Erikka Storch, president of the Wheeling Area Chamber of Commerce, said that area of the state is seeing a lot of boom in business thanks to Marcellus and Utica Shale.

Lorensen said the natural gas boom has been a great thing for the state, with the announcement just last year of Odebrecht looking to Wood County to build an ethane cracker plant.

“West Virginia really does blaze a potential new way for the future, which is transformative,” Lorensen said. “Our hope is making sure all of those filter to economic activity.”

He said the governor's biggest priority is workforce development; assuring people in the state will have the practical skill sets needed to take on the types of jobs available in the state, to keep workers here.

Storch said entrepreneurs also wish to make their dreams a reality in the 14-mile stretch of the City of Wheeling.

“There's an available amount of property as far as smaller business storefronts,” Storch said. “Our CVB does a good job, regional economic development company puts Wheeling out there and introduces companies to the region to let them see what is available.”

Storch said it also helps that Ohio County has some of the best school systems, and a very low rate in crime.

“I think people find a lot of benefit to raising their families here,” Storch added. “It's affordable to buy nice property here; there's a draw in our tax structure, property taxes are less than neighboring states.”

However, Storch said to continue to bring new people to the area the state needs to put a better emphasis on improving roads.

“The state needs to focus on the roads, if we're going to keep bringing business to the state,” she said. “If the roads aren't maintained, or people's vehicles are being damaged — people might look past us pretty quickly.”

What is working?

While West Virginians hope natural gas and coal are going to continue to lead the way for the state, and data from the West Virginia Department of Commerce paints that picture.

According to the department, West Virginia has seen more than $22.5 billion in new business investments. And according to the state Tax Department, West Virginia removed about $165 million of business tax burden in Fiscal Year 2013 and more than $482 million during the past seven years.

Chelsea Ruby, director of marketing and communications for the Department of Commerce, said the state has, for the ninth consecutive time, reduced workers' compensation rates. Employers will have saved $250 million since the fund privatized in 2006, officials said.

Lorensen echoed those sentiments, saying the workers compensation movement in the state points to one of the many examples that state government has tried to improve the business climate with a hands-off approach.

“(Government) learns from lessons like workers comp reform,” Lorensen said. “Government doesn't ‘squeeze out' what (the) private sector can clearly do better.”

He said there are always objective lessons to be learned from solving problems, with all of those leading to Tomblin wanting the state to be a good place to do business.

Why West Virginia?

West Virginia's cost of living pales in comparison to its border states.

The cost of living in the state is 14 percent lower than the national average, according to Sperling's Best Places.

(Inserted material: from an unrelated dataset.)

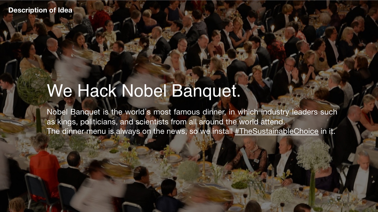 オリエン直後に会場に残り、2人で30分ほど、お互い頭に浮かんだことをすり合わせました。そこで谷脇が「世界一有名なディナー、ノーベル賞の晩餐会をハックするのはどう?」という切り口をくれたんです。
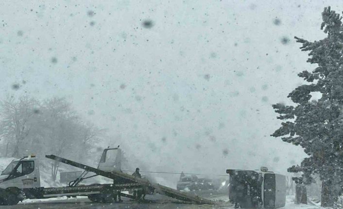Kar yağışının etkili olduğu Domaniç-İnegöl yolu Kocayayla Orman Deposu yakınlarında bir ticari araç, sürücüsünün kontrolünü kaybetmesi sonucu devrildi. Kazanın ardından olay yerine yönlendirilen ekipler, bölgedeki trafiğin güvenliğini sağladı.

The state ranks 86 out of 100 for best overall score when it comes to its cost of living.

When comparing capital cities, Charleston ranks about 9 percent higher than Columbus, Ohio, for an overall cost of living score.

Food, housing and utilities are all cheaper in the West Virginia city than the Buckeye State.

West Virginia's electricity rates, both commercial/industrial and residential, are 22 percent below the national average, according to the Department of Commerce.

The state pays attention to property tax, with the High-Technology Business Property Valuation Act providing special property tax valuation for equipment and tangible personal property. The property tax is reduced to about five percent of the tax that would otherwise apply. Sales tax is eliminated from all purchases of pre-written computer software, hardware, serves, building materials and tangible personal property for direct use in a high-technology business or Internet advertising business, officials with the commerce department said.